Shopping small still means you can shop comfortably from your sofa! I sell on Etsy and buy a lot of pieces from there. I love it now but it can take a bit of getting used to. Anyone can join and sell on Etsy, which means there is a very wide range of work - ranging from the incredible to the rather questionable! Having so many sellers means you should be able to find what you are looking for but it can be a bit daunting filtering out what you want. I would recommend making a profile and liking as many shops and items you can find that you are interested in. The more information Etsy has the more likely it will recommend you other sellers you will actually be interested in. If I come across someone who's work I like on Instagram, Facebook or Pinterest I always favourite his or her Etsy Shop. I find it much easier to go back and look though my shop favourites rather than to try and remember individuals shop names and where I came across them.
3. Find out what’s happening in your area.
Thankfully it's not just me who's excited about shopping small and every year there seems to be more craft markets, open studios and pop-ups opening up across the country. The Stylist magazine have published an article recently titled "How Craft Fairs became Cool" and a shopping gallery of “Under-The-Radar Female Makers” mentioning Tea Green Events, Etsy Made Local and Urban Market - all based in Scotland. I’m lucky to have moved into Glasgow’s Hidden Lane this year and we are opening our doors every Saturday on the run up to Christmas so anyone can pop in and shop straight from the makers. Wandering around fairs you never know what hidden gems you might find and the increase in carefully curated craft markets (as mentioned above) means the standard is higher than ever.
Final Thoughts. Its only a few days away so I feel like I have to mention Black Friday at this point. I am not a fan of Black Friday. Black Friday originated in America and encourages retailers to dramatically slash their prices. I have never taken part in Black Friday but get asked every year what I’ll be doing for it. Ugh. I know we all love a bargain but is there anything more annoying than buying something full price one day and then seeing it 70% off the next? It leaves the buyer feeling ripped off. Large retailers can plan their mark-ups and prices with a profit margin big enough for the inevitable discount. I (like most small businesses) try to price my work based on the material costs, my overheads (studio rent etc.), making or manufacturing costs and then add a small profit (for actually living off!). If I decided to discount my work I can’t alter the costs of my materials, overheads etc. That money I’m now not getting is coming straight out of the wage I pay myself to actually make the work. I’m not saying I will never discount anything BUT I don’t like the feeling of being pressured into discounting all my work at my busiest time of year. I rely on the profit I can make now to tide me over quieter times and I can feel happy in the knowledge my pieces are priced fairly – for both the buyer and myself.

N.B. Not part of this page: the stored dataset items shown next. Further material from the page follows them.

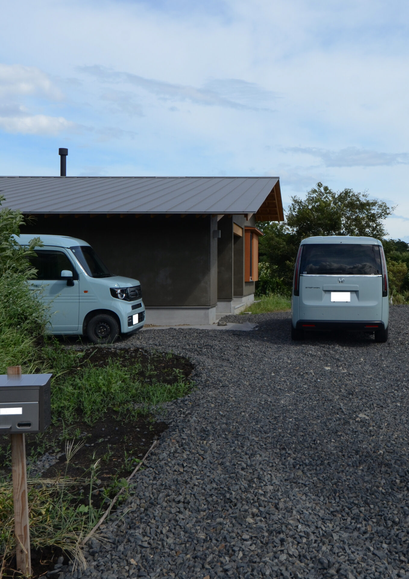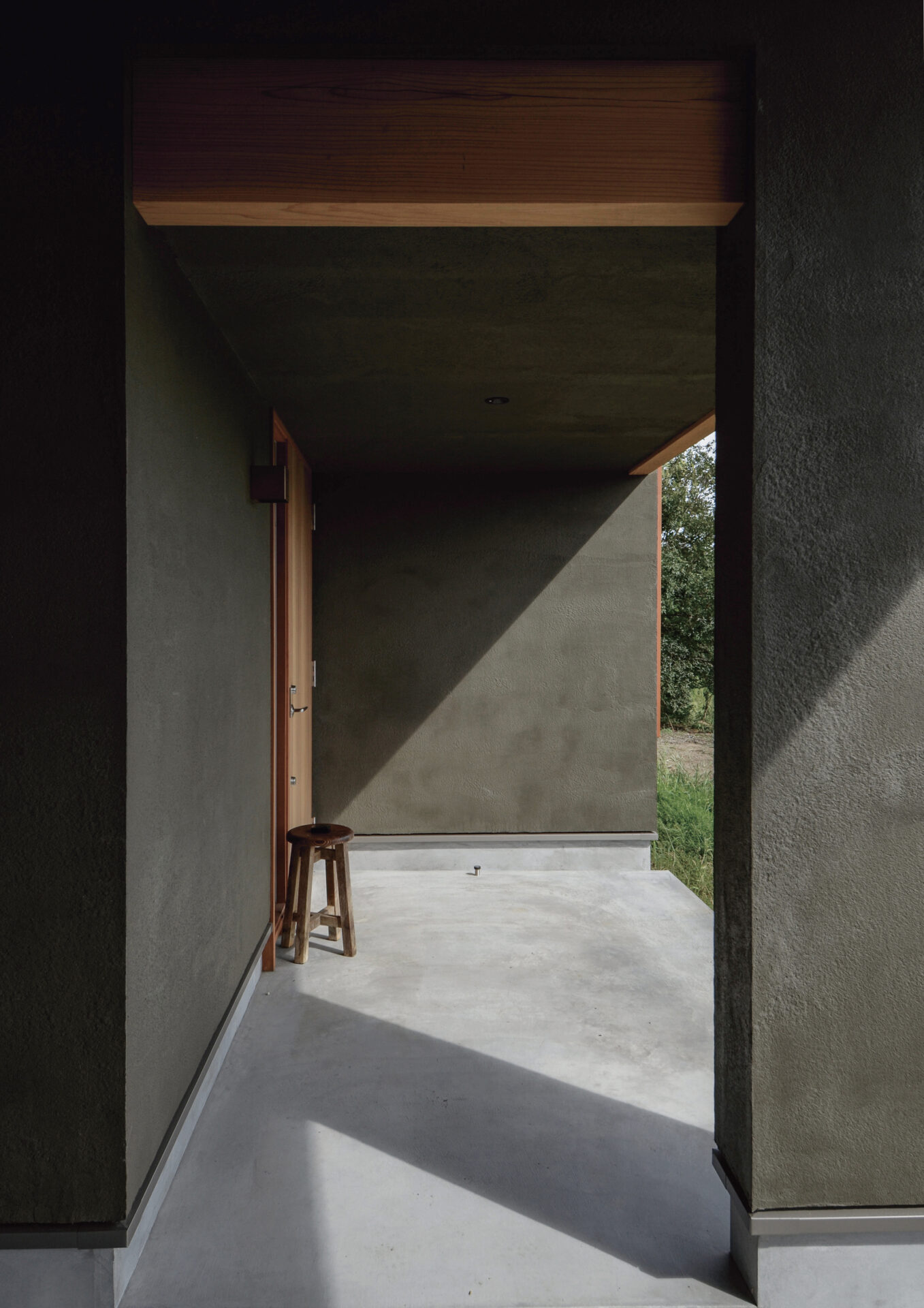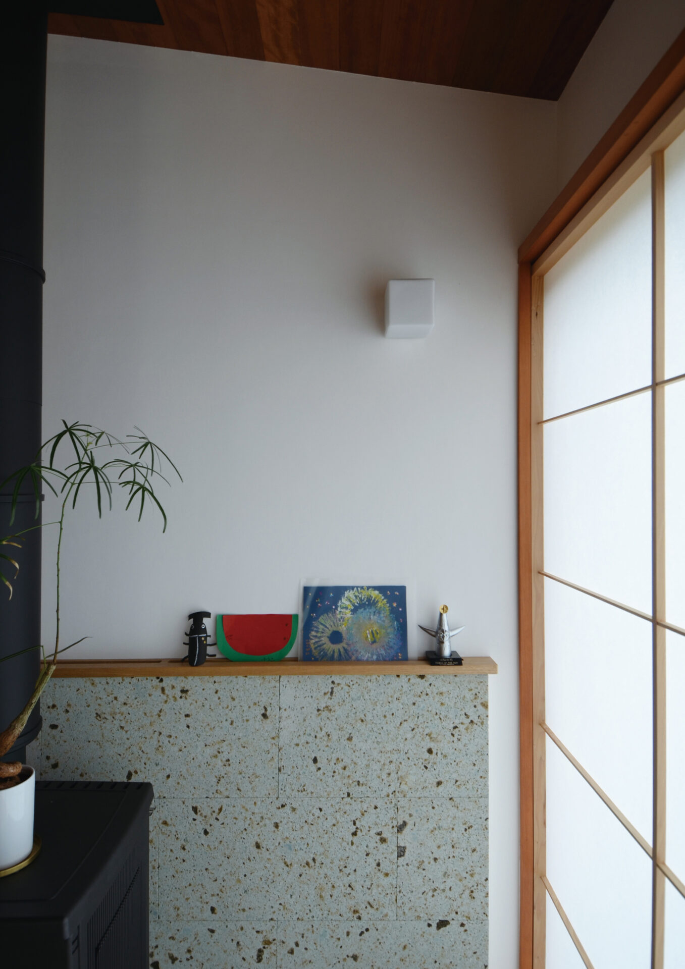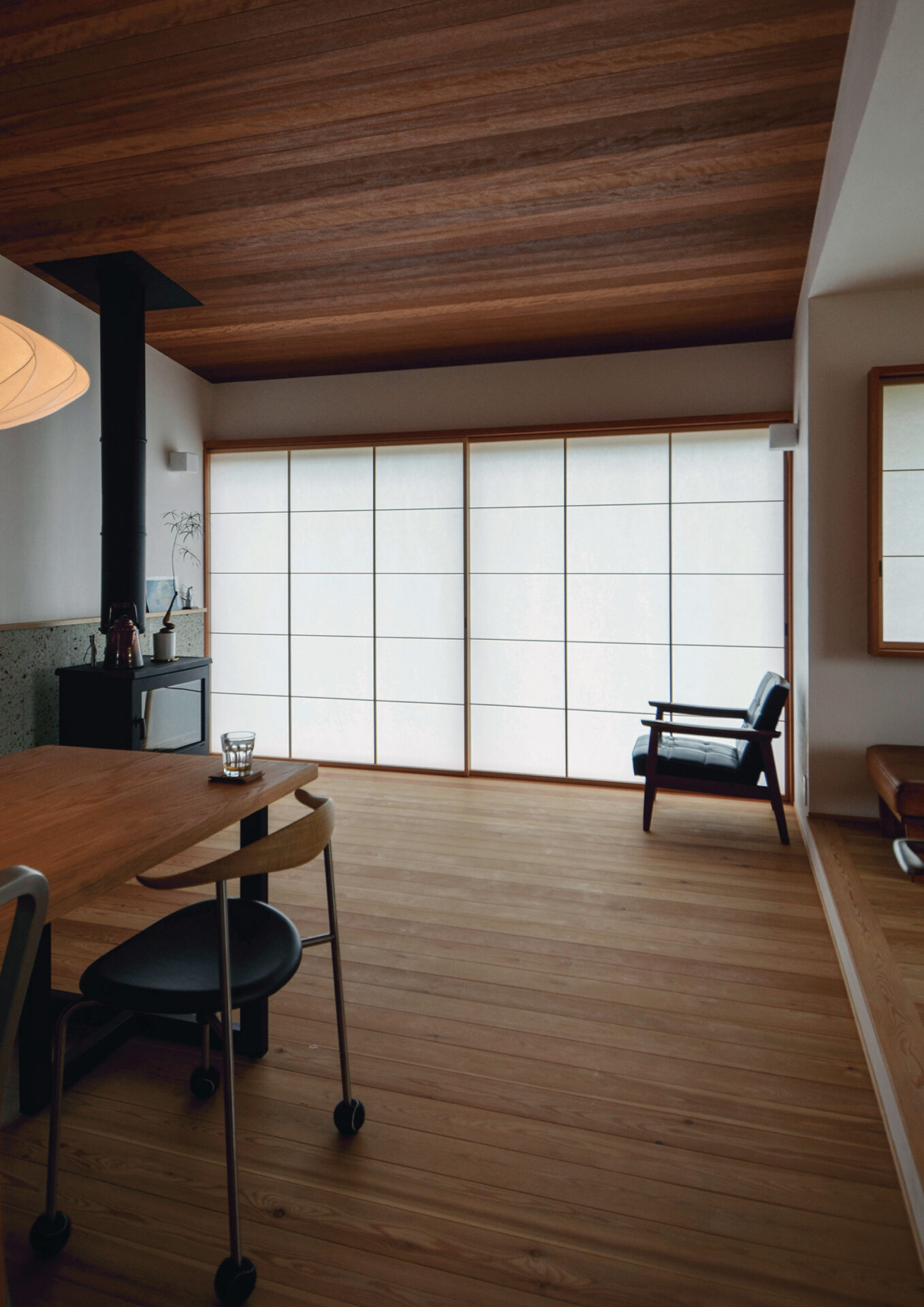 主居室の東側には3.6メートルの大開口を設け、田園とその奥に広がる池からの風を通します。この窓は全開放でき、深い軒により外土間が半室内化され、内部空間を外へと大きく広げてくれます。風が抜け、光が差し込み、季節の変化を感じられる住まいです。空間構成の中心には薪ストーブを設置しました。ここは食事や団らん、仕事、遊びといった生活の様々な営みが重なる場所であり、名称や機能にとらわれない自由な場になります。住まいの中にメリハリを持たせ、明るいところ、暗がり、高さや広さ、風が通る場所やこもる場所など、環境の違いを設けることで、住む人がその時々で居心地の良いと感じる居場所を自然と選べるようになっています。天井高は落ち着きががでるようにあえて抑え、仕上げには無垢の木材、塗りや大谷石など、視覚的にも触覚的にも心地よい自然素材を選定しました。素材の色味はできる限り着色せず、経年変化を味わえるように工夫しています。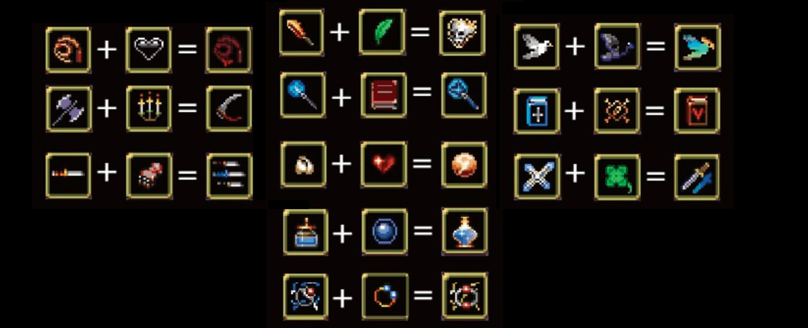 Есть и специальная синергия: Никак не синергируют следующие предметы: Пентаграмма, Маска, Часы Ланцет, Лавр, Кость, Телега. Зато их можно неплохо прокачать и без синергий.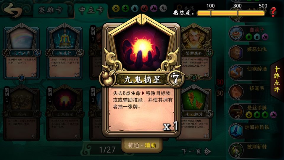 这个技能卡是上一个技能加一点攻击。紫卡效果,绿卡的价格。这个牌会给猴子的攻击大幅度上升。在看其他核心卡之一: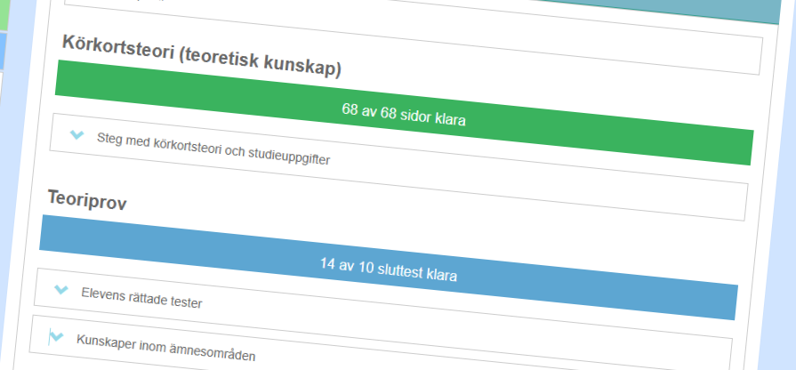 Vi skulle kunna kräva att innan vi rapporterar till trafikverket att kursen är klar så vill vi se att eleven nått de teoretiska målen men vi tror att ni kan ta det ansvaret hemma som elever och målsmän.
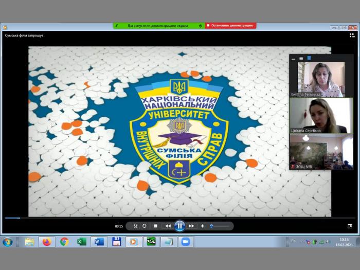 У рамках профорієнтаційної роботи Сумської філії Харківського національного університету внутрішніх справ старший викладач кафедри соціально-економічних дисциплін Світлана Петровська та провідний фахівець Цвітана Баранова провели онлайн-зустріч за допомогою платформи Zoom з учнями 11 класу Сумської загальноосвітньої школи І-ІІІ ступенів № 8.

Okay after that little rant I want to end things on a high note. With platforms like Instagram, Etsy and Facebook it’s easier than ever to spread the word about all these great wee shops out there. The Just A Card campaign launched earlier this year encouraging people to buy from designers, makers, independent galleries and shops. They reinforce the message that all purchases, however small (even ‘just a card’) are so vital to the prosperity and survival of small businesses. They have also recently announced Indie Friday as an alternative to Black Friday. I would encourage you if you are interested at all in shopping small to go check out their website www.justacard.org and follow along with #JACIndieFriday.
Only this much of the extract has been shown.